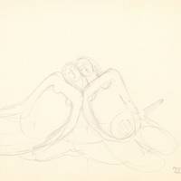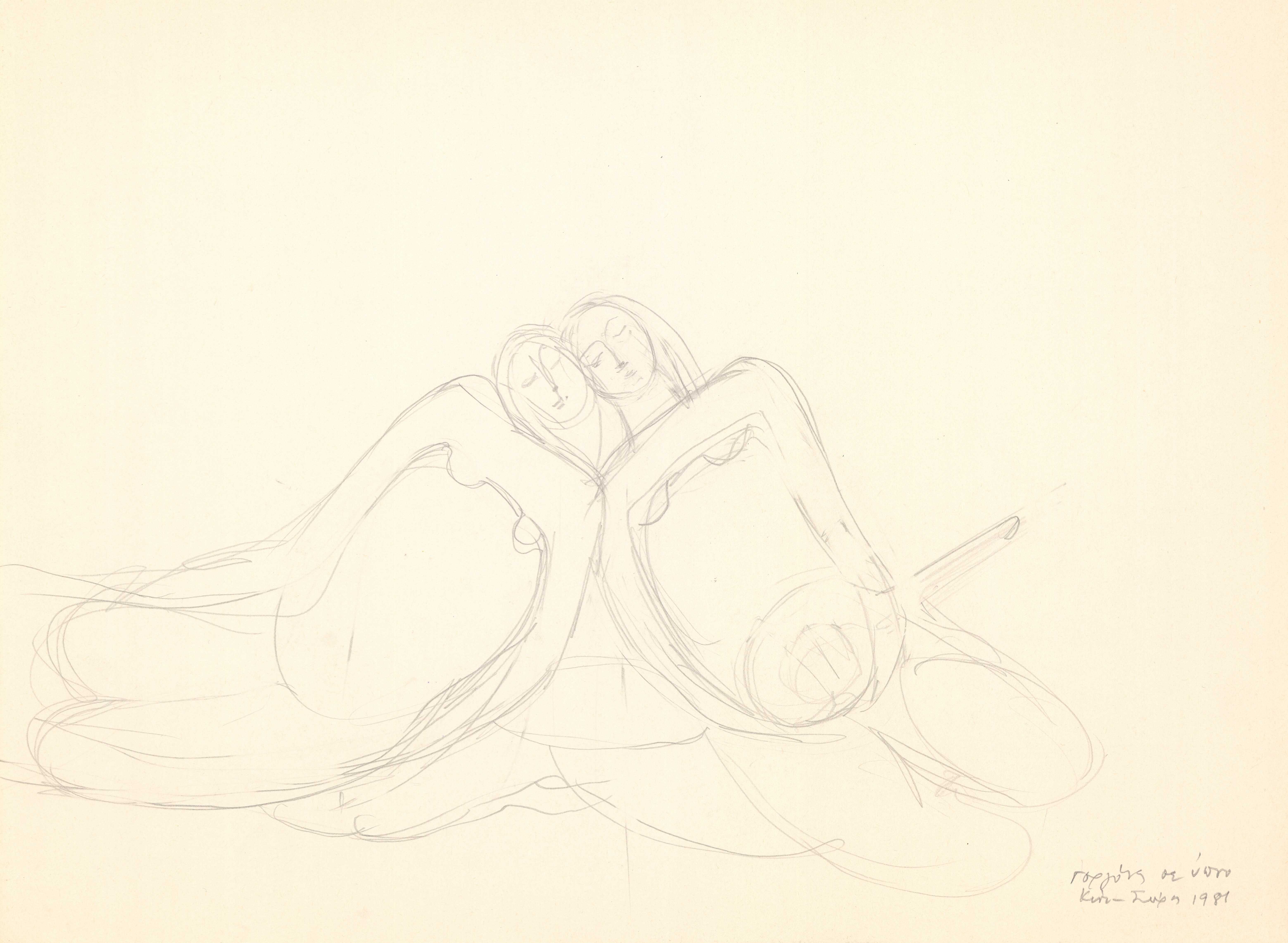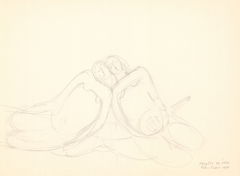 The early period of her work mainly consisted of representational sculptures focusing on the human form. Her move to Paris in the 1960s and her encounters with significant artists such as H. Arp, A. Giacometti, and O. Zadkine were transformative and shaped her artistic oeuvre. From her early anthropocentric compositions in the 1950s, she progressed to create abstract sculptures in wrought iron characterized by frontality, strict immobility, speed, sharp endings, and a play of lines that included void form and vertical surfaces. Through the rotations, folds, curves, movements, and tensions of pliable metal elements in architectural proposals, she arrived at the deeply worked simplicity of sculptural form and the purity of geometric marble surfaces, combining circles, semicircles, squares, and rectangles. In addition to her sculptural work, Mylona created a plethora of works on paper, engaged in painting, and drew the sets and costumes for the Greek Dance Theater of Rallou Manou.
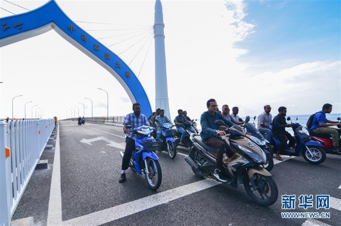 ?在連接馬爾代夫首都馬累和機(jī)場島的中馬友誼大橋上,當(dāng)?shù)鼐用裨跇蝾^等待通行(2018年10月8日攝)。新華社發(fā) 杜才良/攝
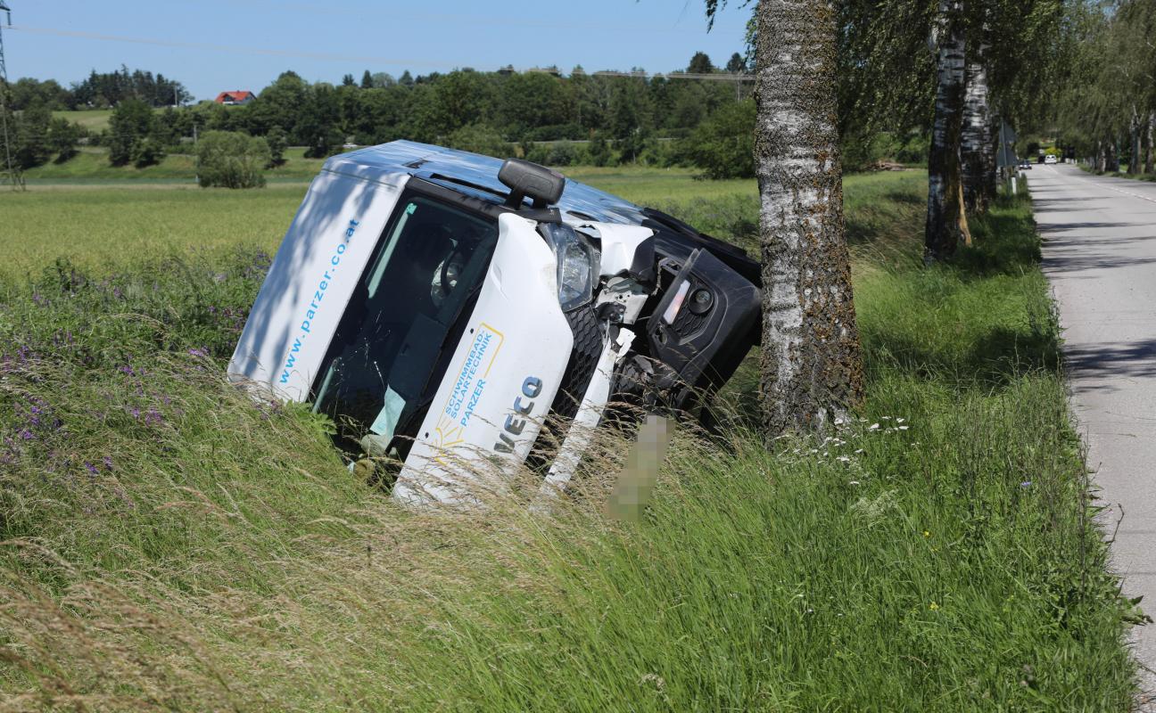 Kleintransporter bei Verkehrsunfall in Wels-Puchberg umgestürzt
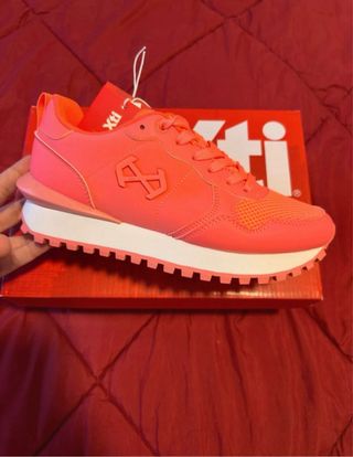 Zapatillas deportivas Xti en tono coral fosforito. Perfectas para el día a día. - Diseño moderno y cómodo. - Suela de goma y plantilla ergonómica. - Cierre con cordones. - Nunca usadas. - Con etiquetas y caja.
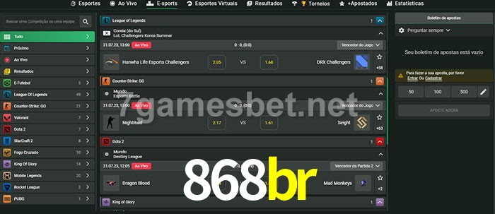 A aposta 868br oferece aos jogadores a experiência mais conveniente de apostas em eSports!
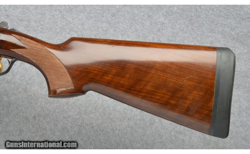 Description: Solid pre-owned Gold Sporting shows scattered handling impressions and scratches throughout. Includes makers softcase and flush-mount choke tube set. 12 Gauge SOLD Chambers: 3 Inch Metal Condition: "Satin Blue Barrels, Greystone Finished Receiver Wood Condition: Walnut Bore Condition: Bright Barrels: 29.5 inch Triggers: SST Stock Dimensions: 14 " LOP as Set Fore End: Schnabel Tip Butt Pad: Kick EZZ Recoil Pad Sights: "1/2"" Wide Vent Rib, White Front Sight Chokes: 5 Tube Set Item Location: Buda, TX |
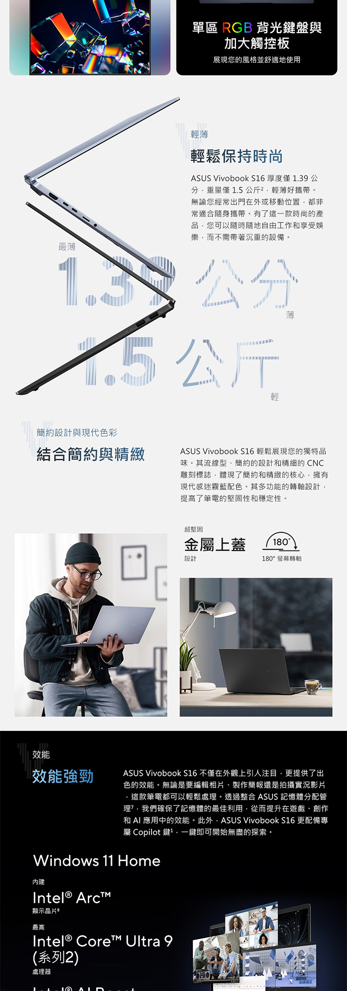 《ASUS 華碩》 S5606CA-0038K225H(16吋3K/Ultra 5 225H/16G/1TB SSD/Win11/二年保)
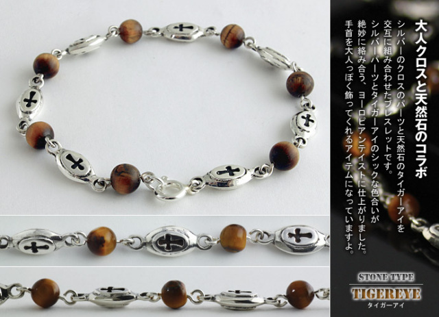 クロス チェーンタイガーアイ ブレスレット シルバー アクセサリー [シルバーブレスレット]
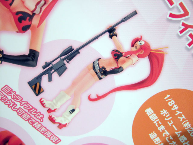 これは、アニメ「天元突破グレンラガン」の巨大なライフルを常に手放さない美少女スナイパーという「ヨーコ」を立体化したもので、あみあみの商品説明によると「TVアニメ「天元突破グレンラガン」からヒロイン「ヨーコ」が塗装済みスタチューフィギュアで登場!ファンの期待を裏切らない“お色気度”満載!!1/8サイズ(約20cm)のボリューム感と、細部にわたる細かい造形にこだわった商品です。ヨーコと言えば巨大ライフル。付属のライフルは取り外しが可能。更にスペアマガジン(弾倉)も付属します。ブーツ等も細かく造形。非常に高いクオリティーです! 」と紹介されています。
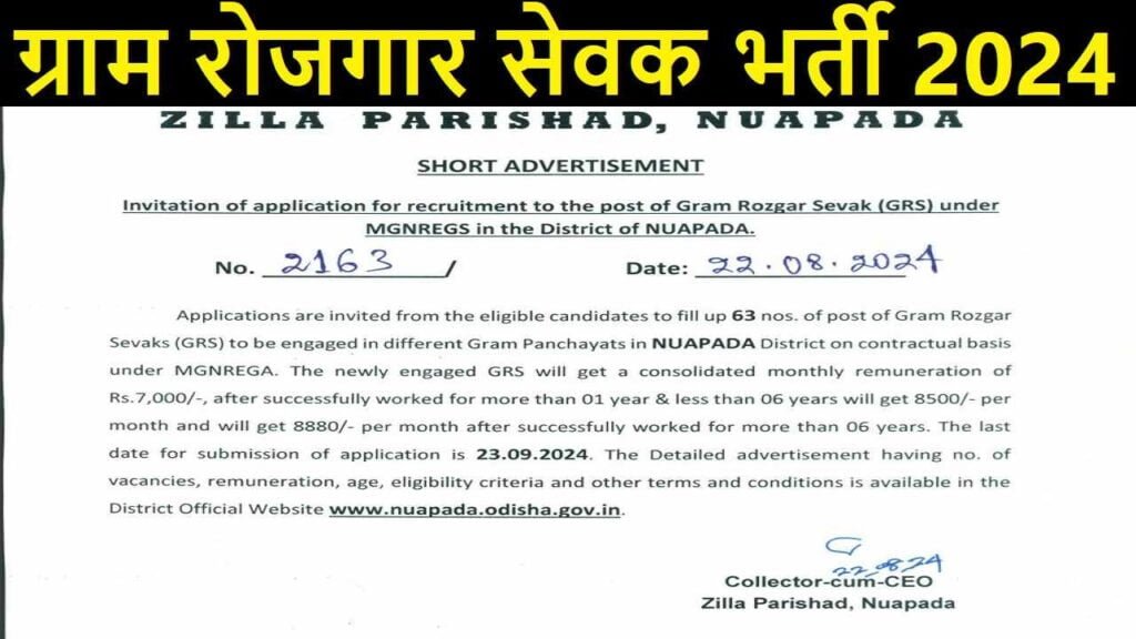 Gram Rozgar Sevak GRS Recruitment 2024– जिला परिषद नुआपाड़ा, ओडिशा ने नुआपाड़ा जिले की विभिन्न ग्राम पंचायतों में नियुक्त किए जाने वाले ग्राम रोजगार सेवकों (जीआरएस) के 63 पदों को भरने के लिए पात्र उम्मीदवारों से आवेदन आमंत्रित किए हैं। जिला परिषद नुआपाड़ा ग्राम रोजगार सेवक भर्ती 2024 आवेदन प्रक्रिया ऑफ़लाइन है।
===
REQUIRED ACTION:
Return only the part above that opens with the line containing "Kleintransporter bei Verkehrsunfall" and closes with the line containing "A aposta 868br", exactly and with both ends, skipping the pictures.

TASK RESULT:
 Kleintransporter bei Verkehrsunfall in Wels-Puchberg umgestürzt
 Zapatillas deportivas Xti en tono coral fosforito. Perfectas para el día a día. - Diseño moderno y cómodo. - Suela de goma y plantilla ergonómica. - Cierre con cordones. - Nunca usadas. - Con etiquetas y caja.
 A aposta 868br oferece aos jogadores a experiência mais conveniente de apostas em eSports!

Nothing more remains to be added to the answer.